ASSIGNED TASK — Determine the number of lines of the records below that include "Reul". Respond with the number and no other text.
◇ ◇ ◇ ◇ ◇ ◇ ◇
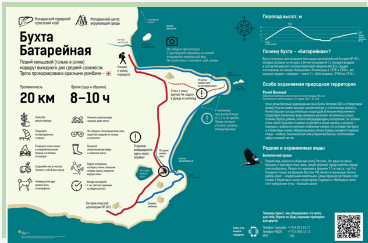
Рис. 11. Информационный стенд маршрута «Бухта Батарейная»

в точке старта и финиша находятся информационные стенды со схемой маршрута (рисунки 11 и 12); на тропе – стенд с правилами поведения в природе (рисунок 13).
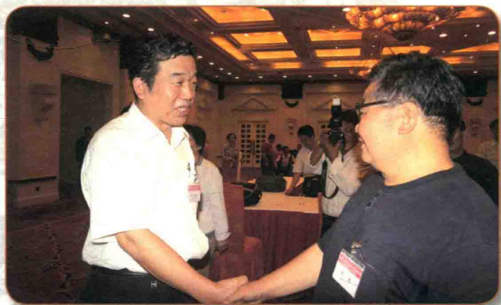
■ 与全国政协常委、文物出版社社长、中国书协主席苏士澍先生交流
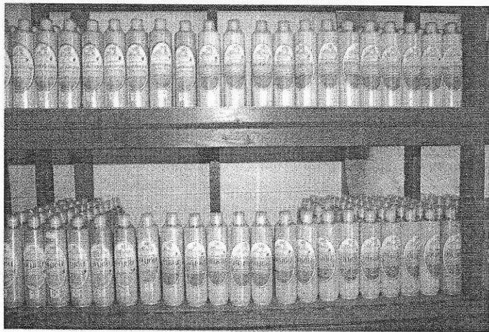
ผลิตภัณฑ์ประเภทยา
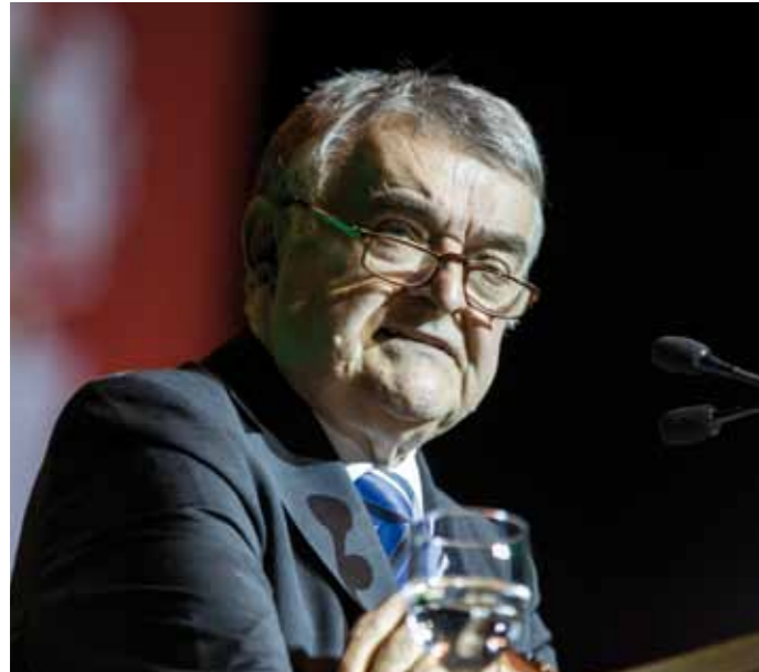
NRW-Innenminister Herbert Reul setzt auf die Empathie und den Teamgeist der Anwärterinnen und Anwärter.

Aus seiner Position als Dienstherr gibt Reul den angehenden Polizistinnen und Polizisten einige Empfehlungen mit auf den Weg: »Treten Sie überzeugt und selbstbewusst auf. Nicht arrogant und besserwisserisch. Zeigen Sie Empathie für die Menschen, die Ihre Hilfe brauchen. Passen Sie aufeinander auf. Unterstützen Sie sich gegenseitig. Und wenn es schwierig wird, seien Sie vorsichtig.«
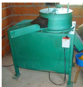
Figura 1. Despulpadora utilizada na extração mecânica da polpa da bociáúva.
◇ ◇ ◇ ◇ ◇ ◇ ◇
OUTPUT — 2